The euro crisis is not good news for Europeans and especially for the Portuguese during these austerity days, but it’s great news for tourists! Portugal is hoping tourism will help its bank accounts, and to attract visitors it’s been lowering prices. In doing so it also hopes that the Portuguese will travel within their own country instead of going abroad, and for that reason 2012 will be a year of bargains. Even luxury accommodation is at a third of the price of elsewhere in Western Europe, so even if you’re used to mid-range accommodation in your European travels, you’ll be able to have an upgraded experience in Portugal for the same price!

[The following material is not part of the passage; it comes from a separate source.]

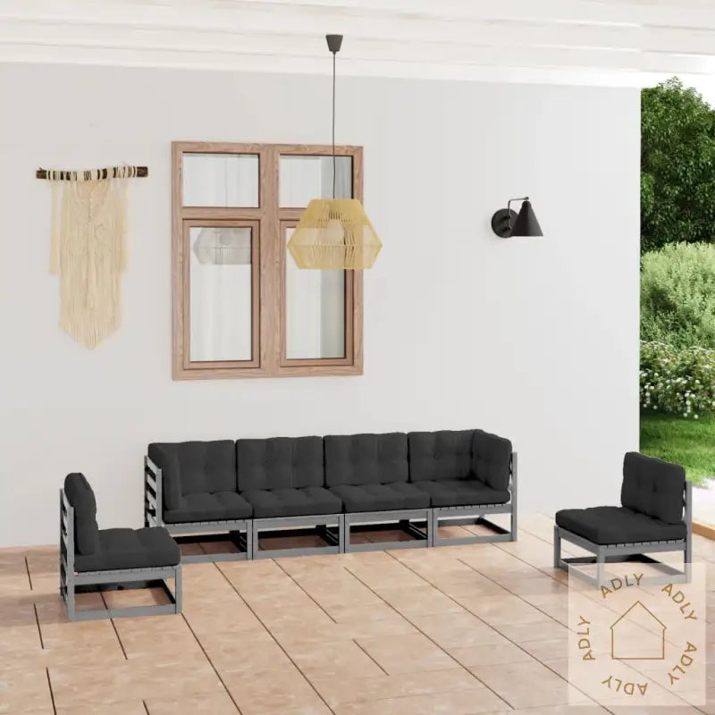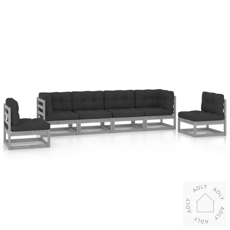 Farge: gråFarge pute: antrasittMaterialer: heltre furu, stoff (100% polyester)Mål hjørne-/midtsofa: 70 x 70 x 67 cm (B x D x H)Mål setepute: 70 x 70 x 8 cm (L x B x T)Mål rygg-/sidepute: 70 x 40 x 8 cm (L x B x T)Montering kreves: jaLeveransen inneholder:2 x hjørnesofaer4 x midtsofaer6 x seteputer8 x rygg-/sideputer

5 Major Reasons Why You Must Visit Lisbon Before the End of the Year

Monday, November 7th, 2011

War Propaganda

So what if the weather won’t allow you to have the typical Lisbon experience (culture and beach)? Even if it rains, it won’t be freezing cold (even in December), and you’ll be able to catch some world-class temporary exhibitions that invite you to go indoors. Here’s what’s happening in Lisbon until 2012:

There are even more reasons to visit the free Berardo Museum. One of its temporary exhibitions (which can be seen together with the permanent collection) is a fascinating display of war propaganda. It includes over 200 original posters from the United States, Germany, England, France, Italy, Japan, and the former Soviet Union.

The City Museum presents a selection of 257 photographs from the Frida Kahlo Museum’s collection. Kahlo is recognized as one of the top female artists of all time, and these works served as a record and working tool. You can see it until January 29.

The Gulbenkian Museum has put together works by some of the world’s major artists, including Picasso, Monet, Cezanne, Van Gogh and Matisse. What each piece has in common is still life imagery. Some belong to the museum’s own collection, others are loans from other museums from around Europe. It’s all on display until January 8.

The Cordoaria Nacional building (found on the way to Jeronimos Monastery) is presenting a great attraction for families. It’s Europe’s largest dinosaur exhibition, allowing visitors to understand the natural setting of these extinct animals. Portugal is one of the countries with the most dinosaur fossils, found in the last couple of decades by the coastline north of Lisbon (a total of 25 dinosaur remains have been found). On display until January 1st are life-size replicas of these gigantic reptiles.

The Paula Rego Museum in Cascais has added new works by Rego, considered one of Europe’s greatest living artists. They’re in two temporary exhibits (to be seen until December 31st) and include more than 100 iconic pieces from the permanent collection. It’s all free, and a must-see if you’re going by the sea in Cascais now that it’s no longer beach weather.